Paris terror attack mastermind 'linked to four foiled plots in France'

Updated

The suspected ringleader of the Paris attacks who was killed during a dramatic police shoot-out was linked to four foiled terror plots in France this year, the country's interior minister has said.

Bernard Cazeneuve said French authorities had no information that Islamic State (IS) jihadist Abdelhamid Abaaoud was in France before last Friday's massacre which left 129 dead.

Abaaoud, 27, died with his cousin Hasna Aitboulahcen who blew herself up following a major pre-dawn raid in the northern suburb of Saint-Denis on Wednesday. His body was identified based on his fingerprints.

Mr Cazeneuve told a press conference that the French government was only informed by an intelligence service "outside of Europe" of Abaaoud's whereabouts on Monday.

The jihadist from Belgium had returned from Syria in 2014 and had been involved in four of six foiled attacks in France since spring 2015, he added.

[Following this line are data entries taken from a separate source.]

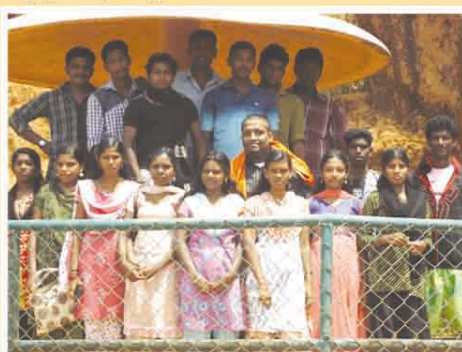
Sixth Semester History Students on a Study Tour.
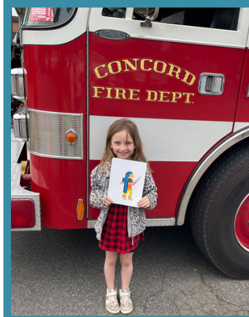
We had a firetruck come for the letter F.
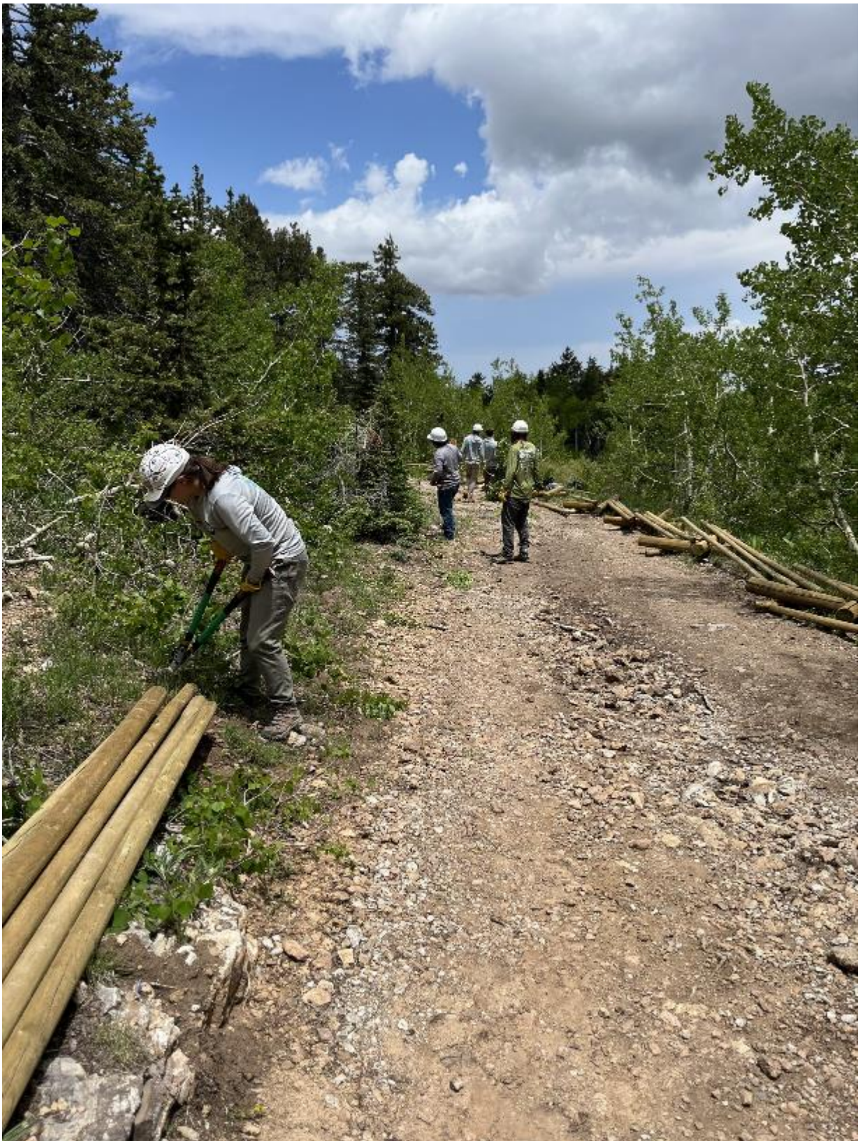
TTYL crew members continued to cut the aspen brush several hundred feet along the Kiwanis Cabin Road.
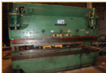
CINCINNATI HYD. POWER PRESS BRAKE
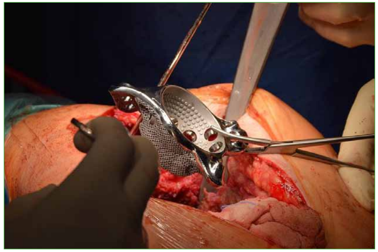
Figure 1. Intraoperative image. Customized acetabular implant before insertion in the acetabular defect.
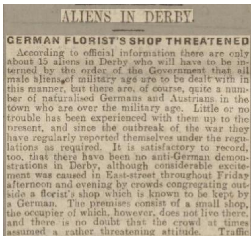
The Derby Daily Telegraph for 15 May 1915 reported that the police kept watch on the unruly crowd and no damage was done.
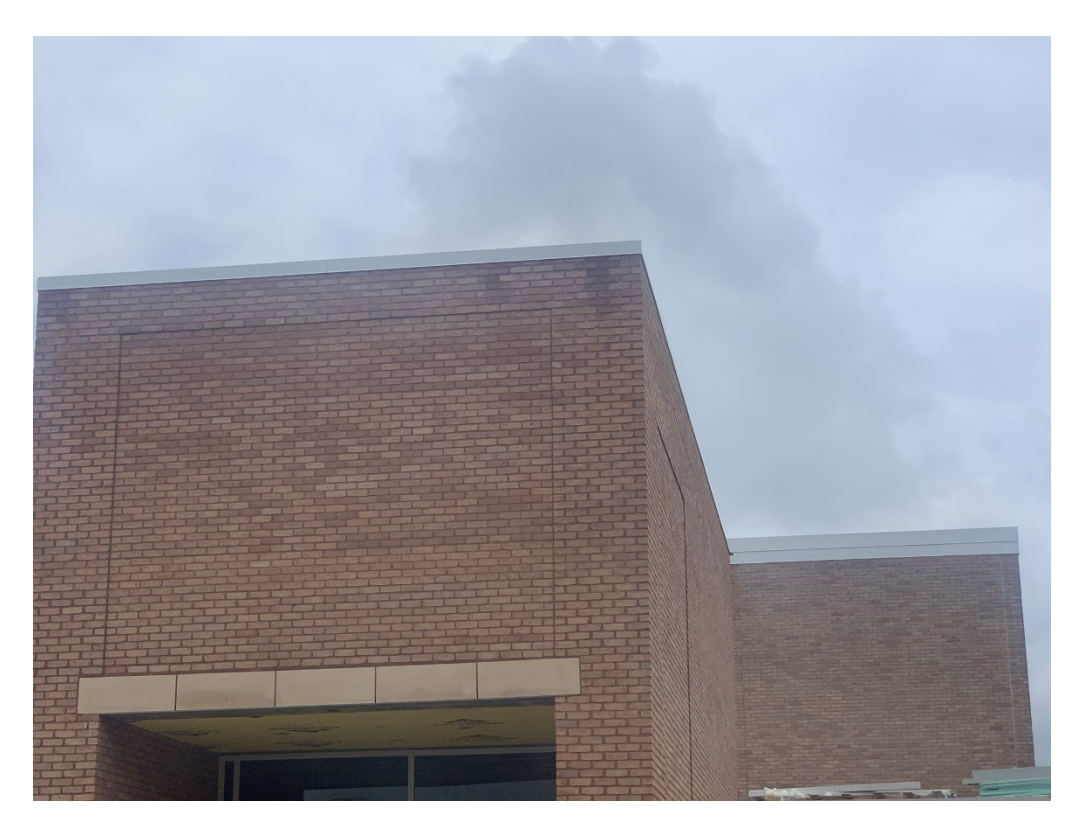
Figure 2 – Roof Trim Installed at parapet
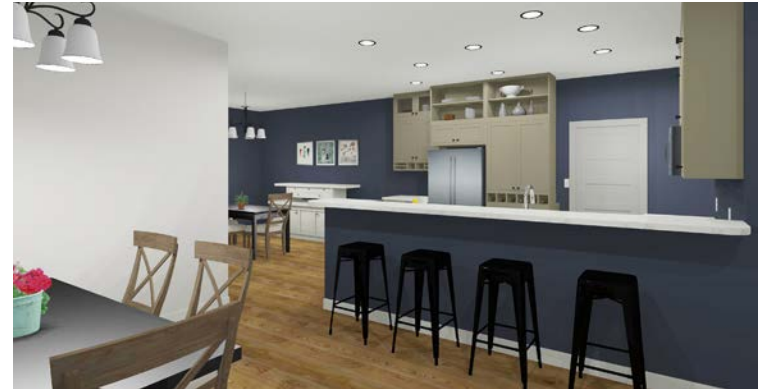
Dining & Kitchen
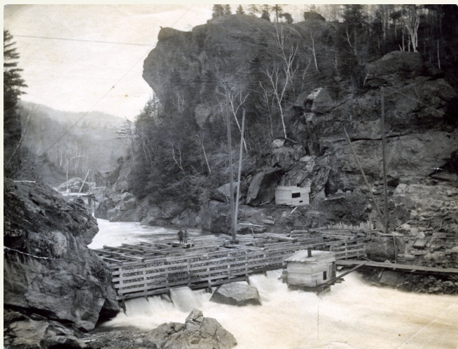
Original timber crib dam under construction.

The Waterbury Record reported in September of 1898 that 60 men were working at the falls, mostly Italians some Americans. In December of the same year, the count doubled and the target completion date was January 10, 1899.
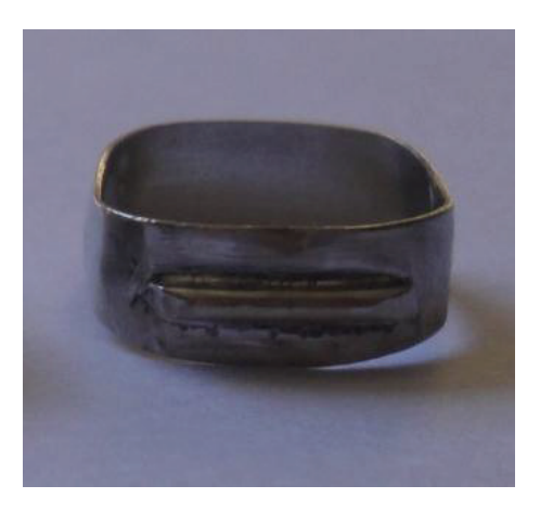
FIGURE 2: Laser soldered band (LSB).

This study was approved by the ethics Committee from Pontifícia Universidade Católica do Rio Grande do Sul (Porto Alegre, Brazil). Stainless steel metallic orthodontic bands

The French interior minister said the six failed plots were all planned from abroad with the intention that they would be carried out by jihadists living in Europe.

A suspected terrorist had confessed while under arrest that he had been trained by Abaaoud to carry out a "violent attack" in France or another European country, he added

"It is urgent for Europe to come together, organise and defend itself against the terrorist threat," Mr Cazeneuve said.

A French official said Aitboulahcen - believed to be the first female suicide bomber to hit Western Europe - detonated a suicide vest after a brief exchange with police officers.

According to the official, one of the officers asked: "Where is your boyfriend?" and she responded angrily: "He's not my boyfriend!" before there was an explosion.

The bodies recovered in the raid were badly mangled, with part of the woman's spine landing on a police car, complicating formal identification.

Eight people were arrested following the raid which saw police fire about 5,000 rounds of ammunition as the terrorist cell barricaded themselves in the hideout.

Paris prosecutor Francois Molins said the operation neutralised a "new terrorist threat", and that "everything led us to believe that, considering their armaments, the structured organisation and their determination, they were ready to act".

The jihadis were set to carry out a second attack after Friday's massacre, this time targeting Charles de Gaulle airport and the city's financial district La Defense, according to reports.

Salah Abdeslam, one of the suspected gunmen from Friday's attacks who is now the focus of an international manhunt, was not among those arrested, the prosecutor added.

Belgian authorities today launched six raids in the Brussels region linked to Bilal Hadfi, one of the suicide bombers outside the Stade de France.

Meanwhile, French prime minister Manuel Valls warned that terrorists could use chemical or biological weapons, and urged an extension of France's state of emergency.

He said: "Terrorism hit France, not because of what it is doing in Iraq and Syria ... but for what it is.

"We know that there could also be a risk of chemical or biological weapons."

Belgian police are also reportedly searching for a man named Mohamed K, from Roubaix, northern France, who is suspected of supplying the terrorist gang with explosives.

The eight arrested included one woman and a man whose flat was used as a hideout by the terror cell and are being interrogated.